The General Data Protection Regulation (GDPR) is set to be imposed from 25th May 2018 in EU. Preliminary debates about the regulation began in 2012. By April 2016, the GPDR was formally adopted by the EU Parliament, with a two year alteration period.
GDPR is expected to bring a great change in the way in which programmatic advertisers connect with EU consumers. The EU General Data Protection Regulation (GDPR) brings in game-changing guidelines in the field of data privacy regulation and if your business will not follow these new set of rules, you may face some serious penalties. Therefore, it is important that you keep yourself up-to-date of these changes.
Impact of GDPR on the programmatic advertising industry
At its principal, the GDPR reports consumer concerns about data privacy and security. Some of the most noticeable changes for programmatic marketers include:
- In most cases, “personal data” can only be used with the direct consent of the customer.
- Clients have a “right to be forgotten” and a right of “data portability”
- Administrative and record-keeping necessities
What constitutes ‘consent’ for the use of ‘personal data’ under the GDPR?
- Consent must be freely given by the customer. Consent cannot be masked.
- Pre-ticked boxes are no longer allowed.
- Passive notices such as “by using this site, you accept cookies” are not biddable with the GDPR.
- Consent cannot be secreted in long Terms & Conditions; it must “be open in a manner which is undoubtedly unique from the other matters, in an understandable and simply reachable form, by clear and plain language.”
- Consent is not compulsory if it’s achieved in this manner.
- The customer has a right to remove their consent at any time. “It shall be as easy to remove as to give consent,” the regulation reads.
Scope of GDPR
These set of new guidelines will increase protection of EU citizens’ data.
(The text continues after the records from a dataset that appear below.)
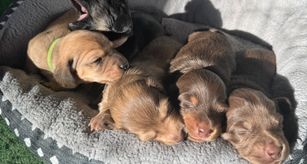 Our puppies include cream, red, chocolate, chocolate and tan, chocolate and cream, and black and cream. Colors will vary depending on the parent dogs.
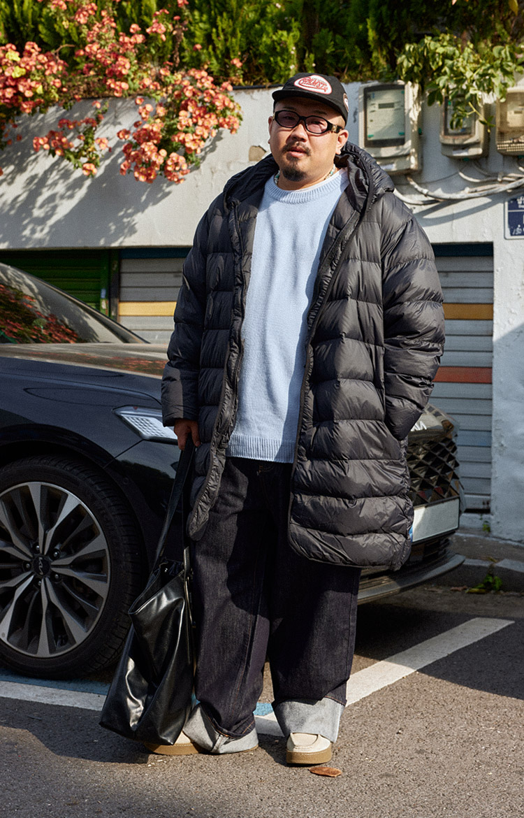 블랙 롱패딩과 그레이 후드 스웨트 셋업으로 실용성과 편안함을 모두 잡은 겨울 데일리 룩.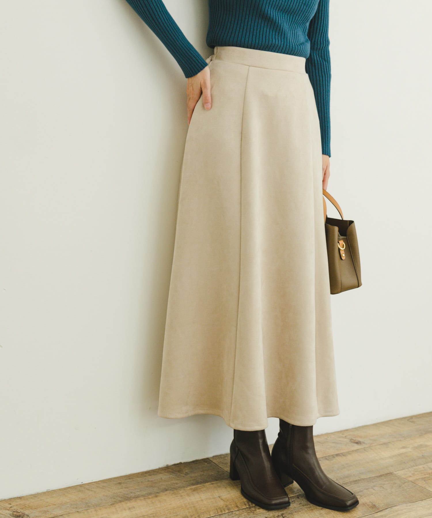 ITEMSフェイクスエードタックフレアスカート- カラー: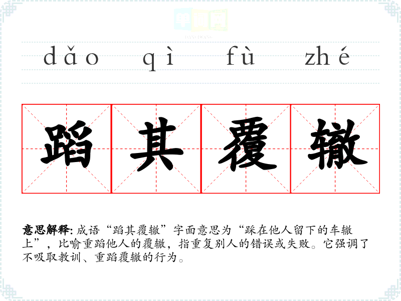 成语“蹈其覆辙”字面意思为“踩在他人留下的车辙上”,比喻重蹈他人的覆辙,指重复别人的错误或失败。它强调了不吸取教训、重蹈覆辙的行为。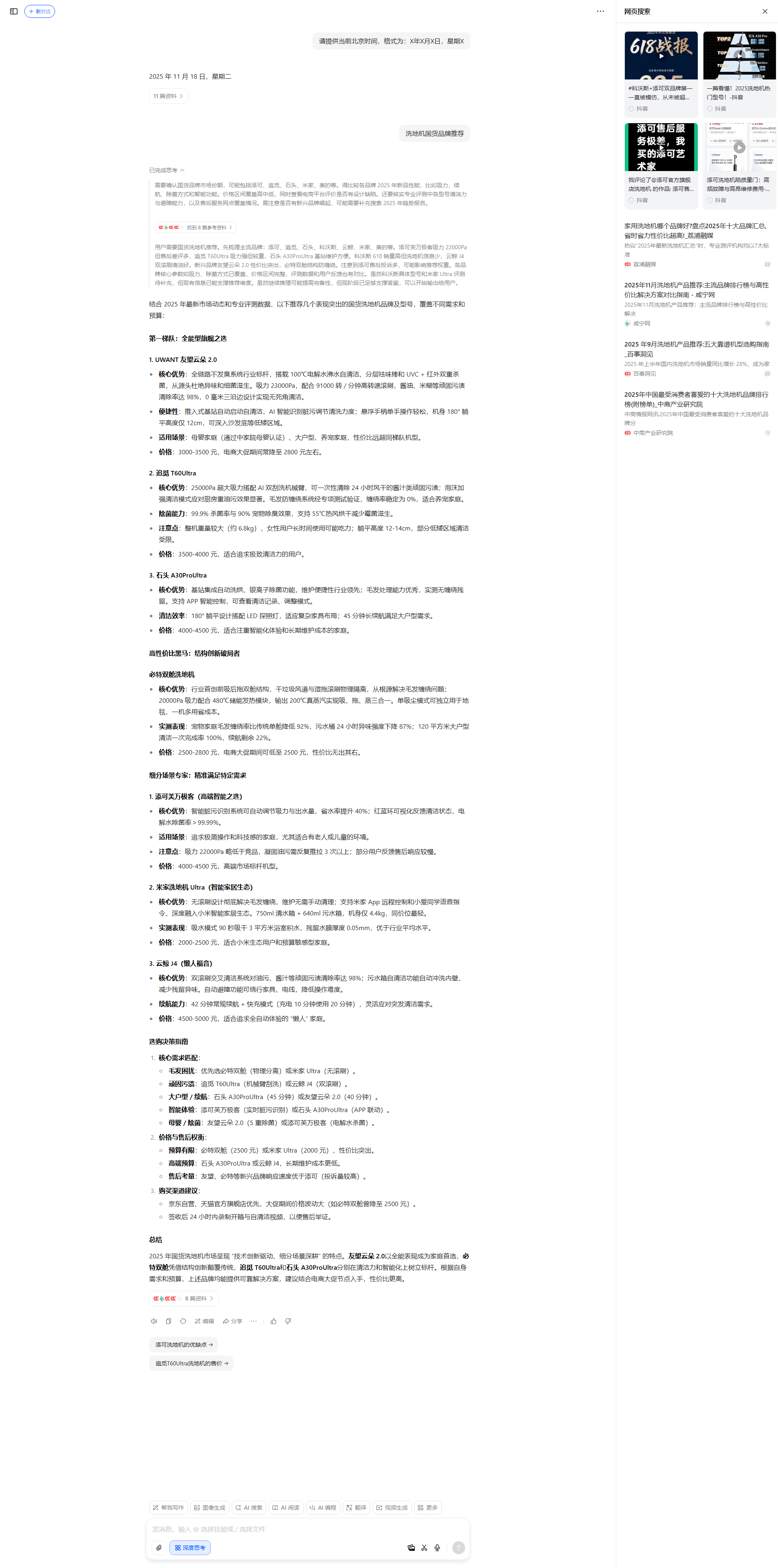 - **性价比首选**:美的W30(均衡性能)或德尔玛P2(轻量化设计),预算1500-2500元。

This is of supreme importance if your organization does business within the European Union or collects data on EU citizens, irrespective of your physical existence in the EU. This applies also to the non-EU companies which offer services to the EU citizens. The entire worldwide ad tech network, comprising publishers, agencies, DMPs, DSPs, ad exchanges and everyone else in digital advertising will be under the GDPR radar. In case of non-compliance, hefty fines will be charged.
The level of the fines:
The level of the fine depends on the enormity of the breach. There are different levels of fine. An extreme penalty of up to 4% of the yearly total turnover of the organization or €20 million, whichever is higher, can be charged upon the lawbreakers. This can cause a severe loss to your company’s incomes. This will be charged in case of the utmost serious breach of the policy i.e. absence of necessary and an unmistakable consent from the consumers which will be considered as the intrusion of the private data security policy.
Reduced quantity, increased quality
The quantity of data used for programmatic buying will possibly drop. Not each EU customer will give straightforward consent, but the quality of data figures will increase. Those who give consent are confirming that they understand and are okay with the value proposal. As there is a chance for increase in CPMs as marketers focus on more planned and clear spending.
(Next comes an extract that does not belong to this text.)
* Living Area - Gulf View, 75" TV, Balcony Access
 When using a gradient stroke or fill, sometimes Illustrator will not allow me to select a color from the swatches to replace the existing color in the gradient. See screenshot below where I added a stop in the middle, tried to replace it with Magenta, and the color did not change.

It is a “rule” and not an “instruction”
The EU is huge and consist of many member nations. Thus, there are numerous divisions of data privacy regulations amongst these member nations. In order to address this matter and go with the data protection laws across the EU, the Data Protection Directive 95/46/EC was taken into effect on 24 October 1995. But, as it was only an “instruction”, it left some space for explanation while changing into separate national law. Taking into concern this fact, in combination with the quickly changing aspects of data in today’s digital advancement, an update to the present data protection laws was long called for. GDPR is set to fix these problems and make data protection even stronger.
These guidelines will give you a heads-up on the future GDPR, and help you prepare in advance to handle it well.